1. Reformative Hypocrisy:
Lab: “Absent adequate regulation for it, building AGI shouldn’t be allowed at all, and right now there is no adequate regulation for it. Anyway, I’m building AGI, and calling for regulation, and making lots of money as I go, which helps me prove the point that AGI is powerful and needs to be regulated.”
Meanwhile, the lab builds AGI and calls for regulation. So, this is a case of honest hypocrisy. I think this is straightforwardly better than...

2. Erosive Hypocrisy:
Lab: “Building AGI without regulation shouldn’t be allowed, but it is, so I’m going to build it anyway and see how that goes; the regulatory approach to safety is hopeless.”
Meanwhile, the lab builds AGI and doesn’t otherwise put efforts into supporting regulation. This could also be a case of honest hypocrisy, but it erodes the norm that AGI should regulated rather than supporting it.

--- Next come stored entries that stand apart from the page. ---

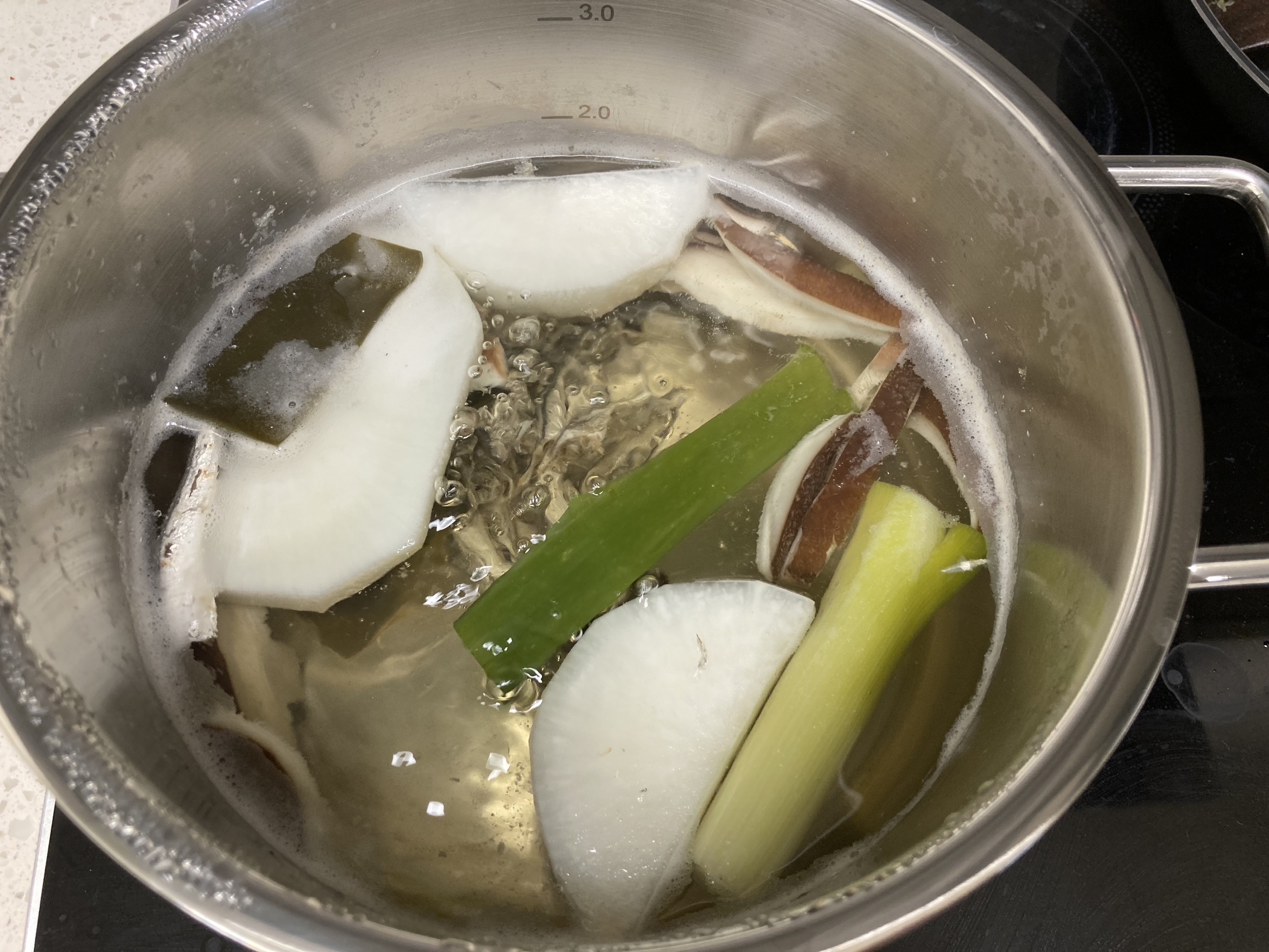 2. 물 1리터(저는 1.5리터 넣었습니다)에 나머지 육수 재료를 넣고 중불에서 10분 끓여줍니다.
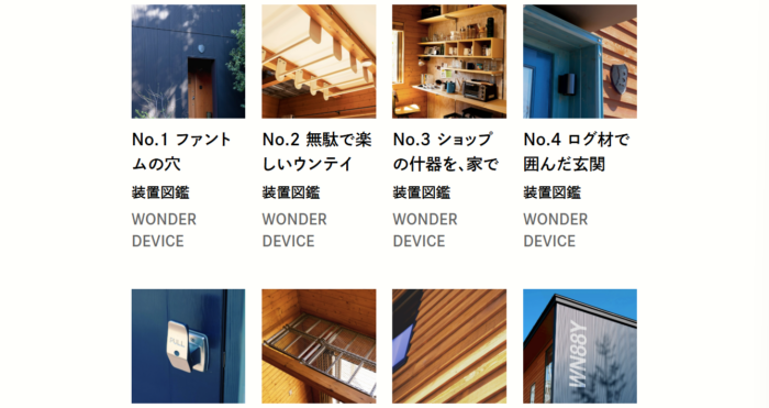 ホームページの最大の特徴は、注文住宅のサービスページや施工事例がカタログのように一覧表示されており、ユーザーが視覚的に情報を得られる点です。カテゴリ別に分類された事例を画像と共に掲載することで、「この会社に依頼したらどんな家になるか」が直感的に伝わるUI設計となります。
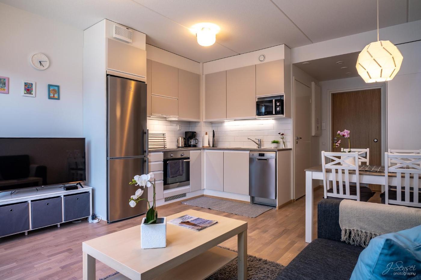 Apartment. This apartments standout feature is the sauna. Boasting a private entrance, this apartment includes 1 living room, 1 separate bedroom and 1 bathroom with a walk-in shower and a hairdryer. Guests will find a stovetop, a refrigerator, a dishwasher and kitchenware in the fully equipped kitchen. The apartment also features a barbecue. The apartment offers a washing machine, soundproof walls, a tea and coffee maker, a flat-screen TV with cable channels, as well as garden views. The unit has 3 beds.
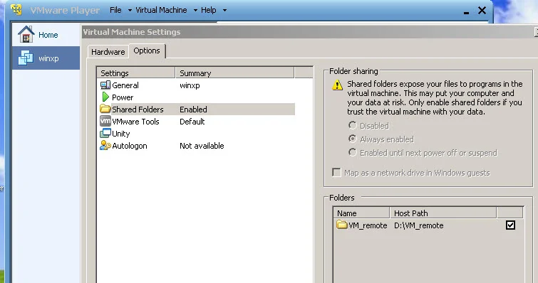VMWare: как расшарить каталог host-Windows для вируальной WinXP?
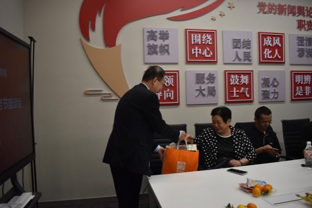 王晴川书记和严三九经理向各位教师前辈赠送礼物,表达公司师生对老前辈们的感恩敬重之情。
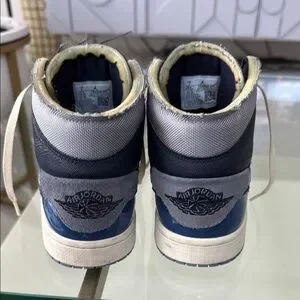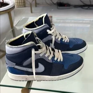 Step up your style with these sleek Nike blue and gray high-top sneakers. Perfect for any casual outing, these shoes offer both comfort and a modern look. Lightly used but in good condition.
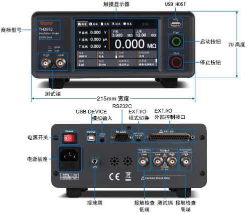 TH2692體積小巧,標(biāo)準(zhǔn)2U高度,前后測試端,標(biāo)配了RS232C、USB DEVICE、USB HOST、EXT.I/O、Analog等接口,無論上架測試、測試臺還是自動化產(chǎn)線集成,都游刃有余。
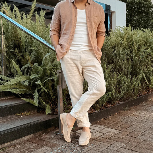 Calça Masculina Sartong Liverpool® — Casual Elegante com Estética de Linho Europeu
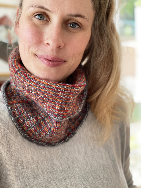 The Lyng cowl is a cozy reversible cowl! We love that this cowl looks like complicated colorwork but it is actually super easy stripes with slip stitches. The cowl's base is doubled stranded with Allagash and Winter Blossom then the contrasting stripes are worked in just Allagash.
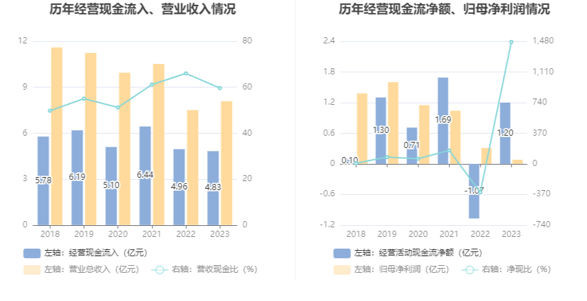 2023年,公司营业收入现金比为59.65%,净现比为1472.91%。
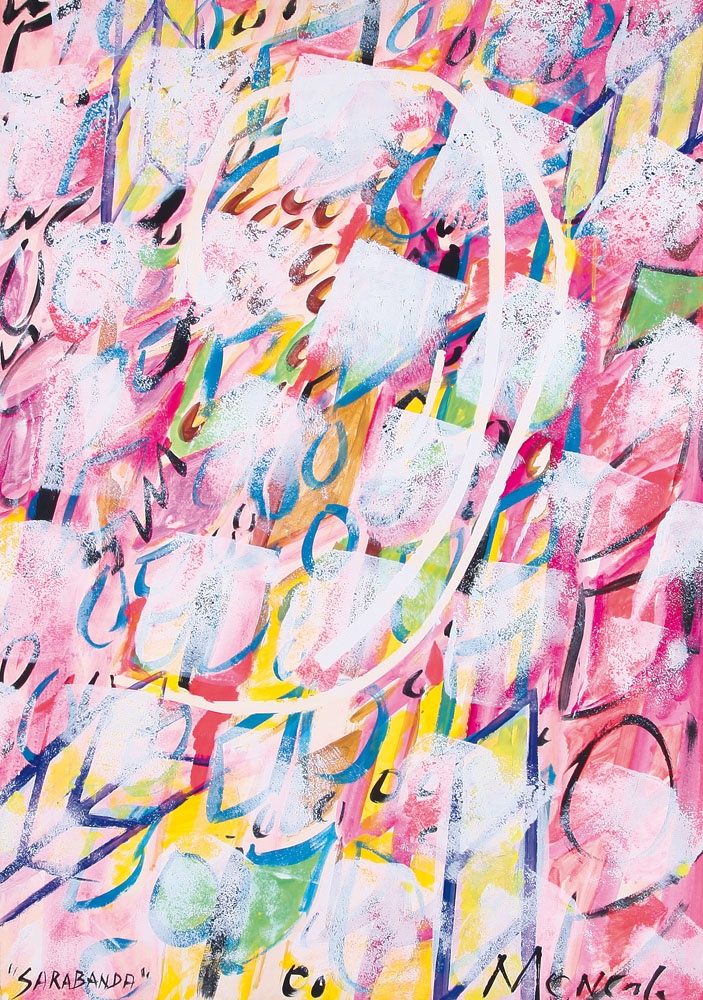 IGNAZIO MONCADA Palermo 04/06/1932 Sarabanda tecnica mista su carta intelata cm. 100x70, firma in basso a destra, titolo in basso a sinistra, dichiarazione d'autenticità dell'artista su foto.
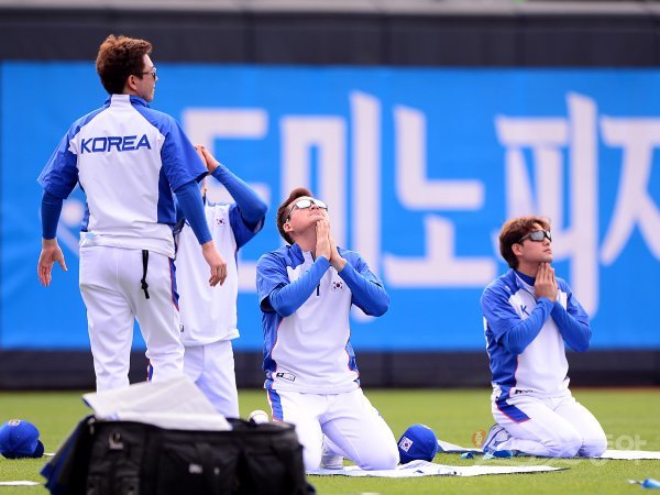 2019 WBSC 프리미어12 출전하는 야구 국가대표팀이 16일 수원 KT위즈파크에서 훈련을 가졌다. 원종현과 김상수(오른쪽)가 스트레칭으로 몸을 풀고 있다.
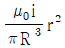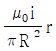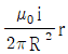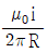 시간에 따라 변하는 폐곡선 내부의 전기장 선속은 자기장을 유도하고, 폐곡선 내부에 변위전류를 유도한다. 반지름이 R인 원형 평행판 축전기가 시간에 따라 변하는 전류 i로 충전될 때, 평행판 사이 중심축으로부터 r만큼 떨어진 위치에 유도되는 자기장의 크기를 옳게 나타낸 것은? (단, μ0는 진공의 투자율이며, 평행판 사이의 전기장은 매 순간 균일하고 가장자리 효과는 무시한다.)

Some even worse forms of hypocrisy include...

3. Dishonest Hypocrisy, which comes in at least two importantly distinct flavors:

a) feigning abstinence:
Lab: “AGI shouldn’t be allowed.”
Meanwhile, the lab secretly builds AGI, contrary to what one might otherwise guess according to their stance that building AGI is maybe a bad thing, from a should-it-be-allowed perspective.

b) feigning opposition:
Lab: “AGI should be regulated.”
Meanwhile, the lab overtly builds AGI, while covertly trying to confuse and subvert regulatory efforts wherever possible.

***

It’s important to remain aware that reformative hypocrisy can be on net a better thing to do for the world than avoiding hypocrisy completely. It allows you to divert resources from the thing you think should be stopped, and to use those resources to help stop the thing. For mathy people, I’d say this is a way of diagonalizing against a potentially harmful thing, by turning the thing against itself, or against the harmful aspects of itself. For life sciencey people, I’d say this is how homeostasis is preserved, through negative feedback loops whereby bad stuff feeds mechanisms that reduce the bad stuff.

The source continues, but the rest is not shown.